Keseragaman penggunaan tema nasional juga diharapkan mampu memperkuat identitas serta menyatukan langkah seluruh jajaran PJS dari pusat hingga daerah.

“Tema ini bukan sekadar rangkaian kata, tetapi menjadi arah perjuangan PJS dalam memperkuat kompetensi, profesionalisme dan integritas wartawan sekaligus mempersiapkan PJS menuju Konstituen Dewan Pers,” tegas DPP PJS.

Pesan tersebut menjadi penting karena PJS sedang membangun fondasi organisasi untuk menghadapi tahapan yang lebih besar. Seluruh pengurus daerah dituntut bergerak seirama, membangun komunikasi, memperkuat konsolidasi dan memastikan setiap program organisasi berjalan secara terukur.

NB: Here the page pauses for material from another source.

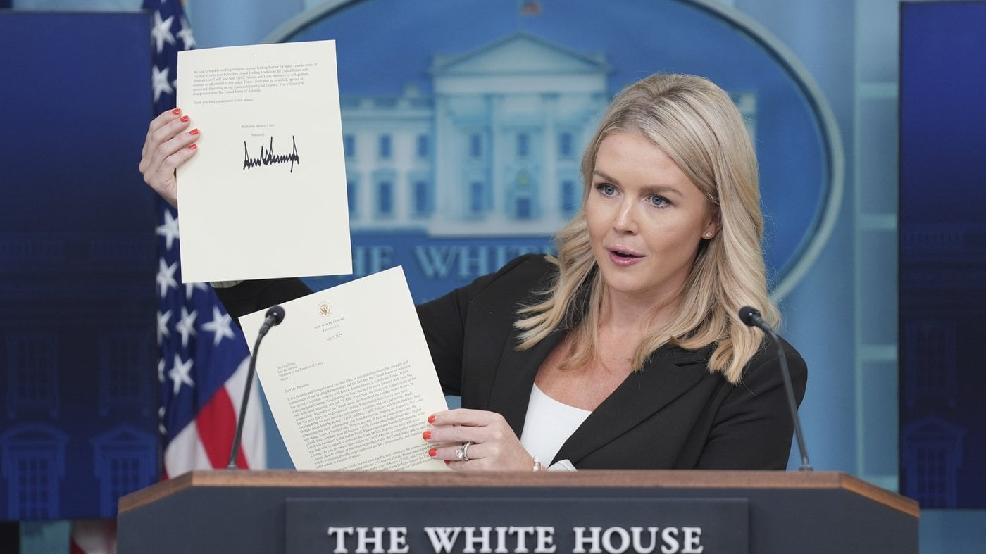White House press secretary Karoline Leavitt speaks as she holds up a letter from President Donald Trump to South Korea's President Lee Jae-myung during a press briefing at the White House, Monday, July 7, 2025, in Washington. (AP Photo/Evan Vucci)

*PJS tidak ingin sekadar menjadi organisasi yang ramai dalam struktur, tetapi harus menjadi organisasi yang nyata dalam kerja, kuat dalam kompetensi dan konsisten menjaga integritas profesi.*

Dengan semangat *“PJS Rumah Kita, PJS Pasti Bisa”,* Mahmud Marhaba dan Rikky Fermana menyerukan kepada seluruh keluarga besar PJS agar menjadikan 2026 sebagai tahun penguatan kualitas.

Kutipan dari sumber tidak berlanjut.